Increase In Affordable Housing In-Lieu Fee Was Not Proper Where City Failed To Show That The Increase Was Reasonably Justified

In Building Industry Association of Central California v. City of Patterson, (— Cal.Rptr.3d —, Cal.App. 5 Dist., March 2, 2009), a California Court of Appeal considered whether a city could properly increase an affordable housing in-lieu fee under a development agreement it entered into with a developer of two residential subdivisions. The Court of Appeal held that the city failed to show that the increased in-lieu fee was limited to the cost of that portion of a public program attributable to the development and thus, failed to show that the increase was “reasonably justified.”

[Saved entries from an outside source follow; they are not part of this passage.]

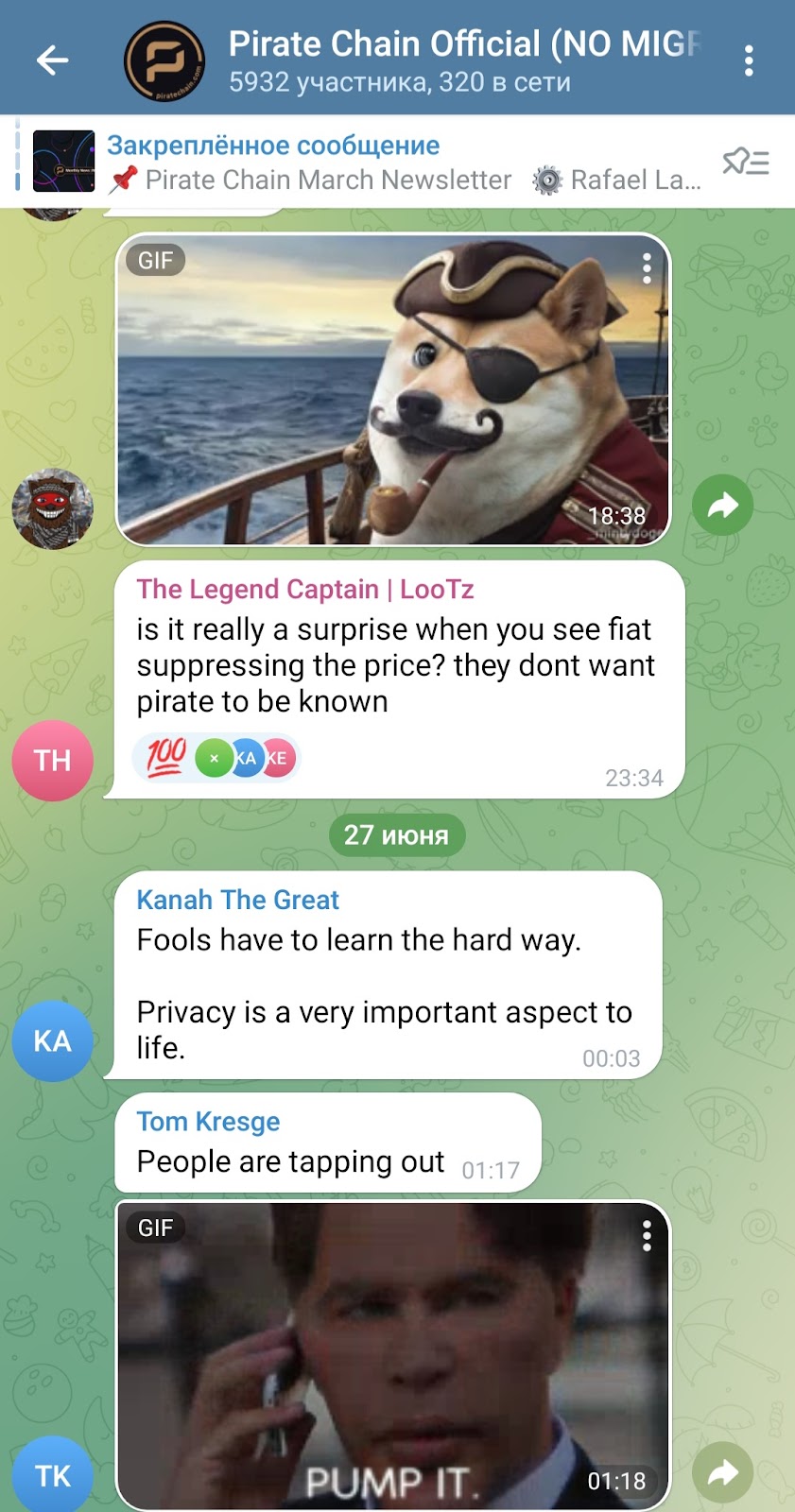 - Группа в телеграмм Pirate Chain Official NO MIGRATION/AIRDROP ARRR. Ведется с 2018 года и имеет 5,9К подписчиков. Здесь публикуются официальные анонсы проекта, обновления кошельков, информация о разработке и безопасности сети, ссылки на новые материалы с сайта, а также предупреждения о скамах и фейковых airdrop-ах. Администраторы активно отвечают на вопросы сообщества и поддерживают обсуждение технических и идеологических аспектов приватности.
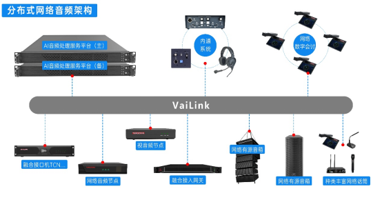 双千兆以太网端口,VaiLink网络音频传输可冗余备份,支持1+1双机热备;
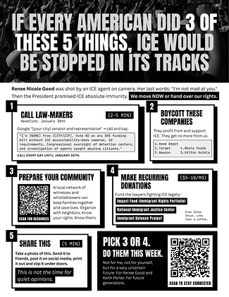 Renee Good was murdered almost two weeks ago, but things haven’t gotten any better there. Please don’t stop talking about what’s happening. Please don’t stop fighting back.
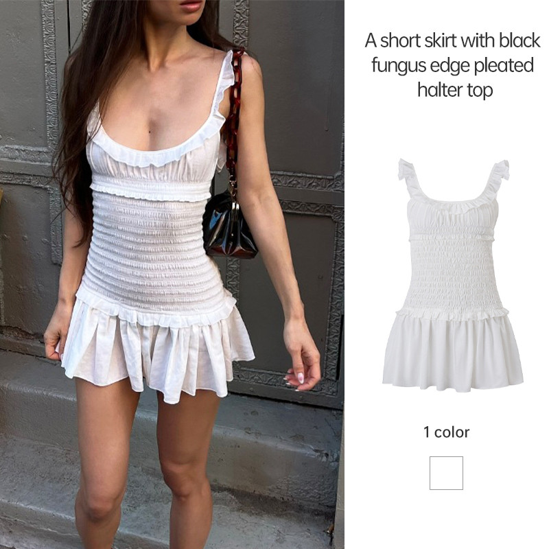 เซ็กซี่คอ U นัวเนียขอบจีบชุด Suspenders ชุดสั้นสีทึบผู้หญิง JD
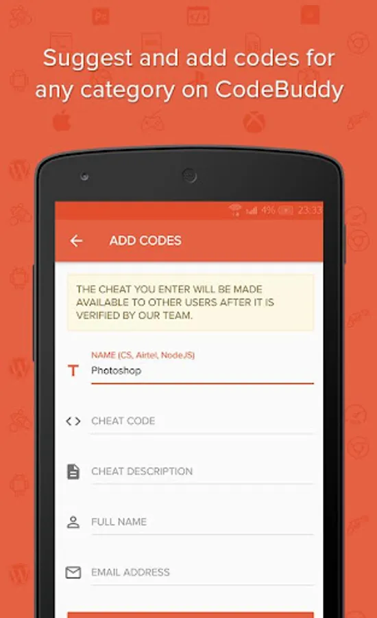 Additionally, you can submit cheats and codes for any category within the app. CodeBuddy team will verify your submission and update it on app. Search, browse and share Cheats & Codes with your friends with easy sharing feature.
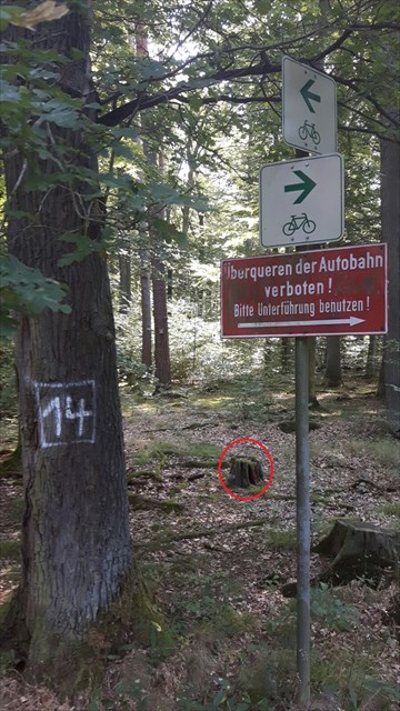 Euere Aufgabe: findet das Schild und das Cacheversteck 5 m hinter dem Schild.
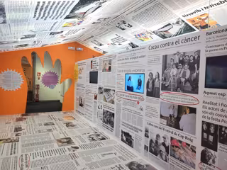 La exposición, comisariada por Hortènsia Galí, es un relato en forma de crónica periodística que narra los 40 años de trayectoria de la entidad a través de texto, espacios audiovisuales y material gráfico.

The City of Patterson (“City”) approved a development agreement and tentative subdivision maps for two residential subdivisions being developed by Morrison Homes, Inc. (“Developer”). At the time City approved the documents, it allowed developers to pay a $734 per house fee in lieu of building affordable housing. The development agreement (“Agreement”) entered into between City and Developer’s predecessor-in-interest in 2003, provided that the developer shall only pay those fees that were in effect prior to the Agreement’s effective date and that are specifically listed in the exhibits to the Agreement. One exhibit lists more than twenty fees, including an affordable housing in-lieu fee of $734 per house.

Under section 4.5 of the Agreement, Developer had the option of building affordable housing, developing senior housing within its project, obtaining credits from other developments within City, or “pay[ing] an in-lieu fee at the time the building permit is issued for a market rate housing unit.” Section 4.5(d)(ii) provides that Developer must “pay an in-lieu fee in an as-yet undetermined amount per EDU [equivalent dwelling unit] . . . but in no event less than the current fee of $734.00 per EDU.” Section 4.5(d)(ii) further provides that City is currently preparing an updated analysis of its fee for affordable housing and that Developer “agrees to be bound by the revised fee schedule . . . providing the same is reasonably justified.”

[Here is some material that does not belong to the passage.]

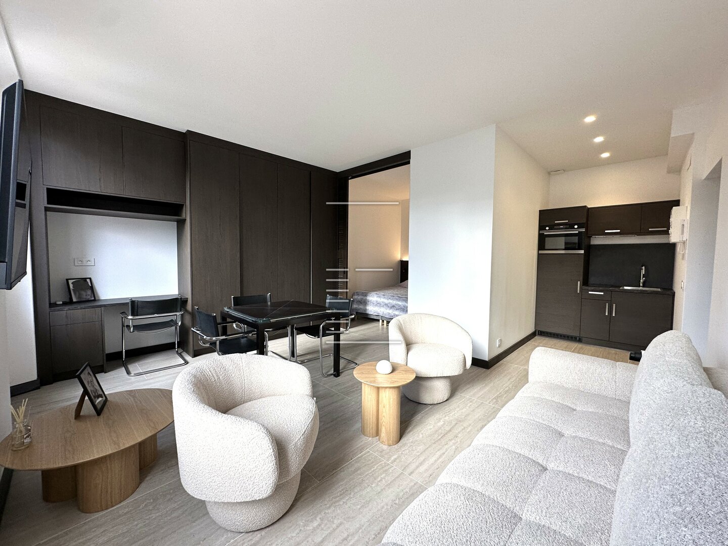 Соседняя студия с независимым входом пользуется тем же уровнем требований: аккуратный декор, благородные материалы, идеальная оптимизация объёмов.
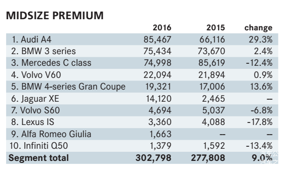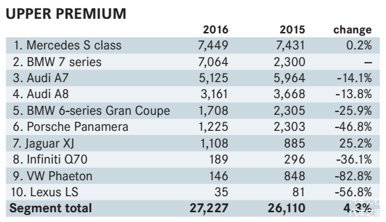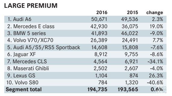 从JATO Dynamics发布的2016年上半年欧洲各细分市场新车销量数据看,BBA在欧洲的各级别表现存在较大差异。以下是汽车公社整理的11个细分市场具体表现:

A “Fee Justification Study” recommended that City increase the in-lieu fee to $20,946 per market rate unit. The recommendation did not rely, as City previously had relied, on the fact that the local in-lieu fee “could be used as leverage to obtain federal grants and loans,” but was instead based on bridging the “affordability gap” that exists “between the cost of a new market rate unit and the cost of units affordable to very low, low, and moderate income households.” In March 2006, the City Council adopted a resolution which set its affordable housing in-lieu fee at $20,946.

After City attempted to apply the increased fee to Developer’s two residential projects, Developer sued the City claiming that the increased fee violated 1) its vested property rights, 2) its contractual rights under the development agreement, 3) various statutory provisions, and 4) constitutional provisions requiring voter approval of special taxes. The trial court found that the fee increase was reasonably justified and the Developer appealed.


The Court of Appeal reversed the decision of the trial court. The court held that City failed to show that the fee increase was reasonably justified as required by the Agreement.

The court found that “Developer agreed to be bound by the revised fee provided that it was reasonably justified.” City and Developer disputed the meaning of “reasonably justified.” The court concluded “that an objectively reasonable person would expect the term ‘reasonably justified’ to mean that any increase in the affordable housing in-lieu fee would conform to existing law.”

The court stated that local government’s authority to “impose exactions as a condition of developing land is limited by various rules of law” including the takings clause of the California Constitution and the United States Constitution. At issue here “is the requirement that a land use regulation substantially advance a legitimate state interest.” This is sometimes referred to as a “means-end test,” which “requires the property regulation in question (the means) to advance the purpose the government is seeking to achieve (the end).” The court found that the level of constitutional scrutiny to be applied here requires that the fee must bear a reasonable relationship to the “deleterious public impact of the development.” The increase in the in-lieu fee is not “reasonably justified” under the Agreement unless this reasonable relationship test is met.

The court stated that it located nothing in the record “that demonstrates or implies the increased fee was reasonably related to the need for affordable housing associated with the project.” The record indicated that the $20,946 fee was based on an allocation to City of 642 units of affordable housing. The court, however, found that no connection was shown between the “642-unit figure and the need for affordable housing associated with new market rate development.”

The court concluded that the increased fee of $20,946 violated section 4.5(d)(ii) of the Agreement because the fee was not reasonably justified. Accordingly, the Court of Appeal reversed the decision of the trial court and remanded the matter back for further proceedings.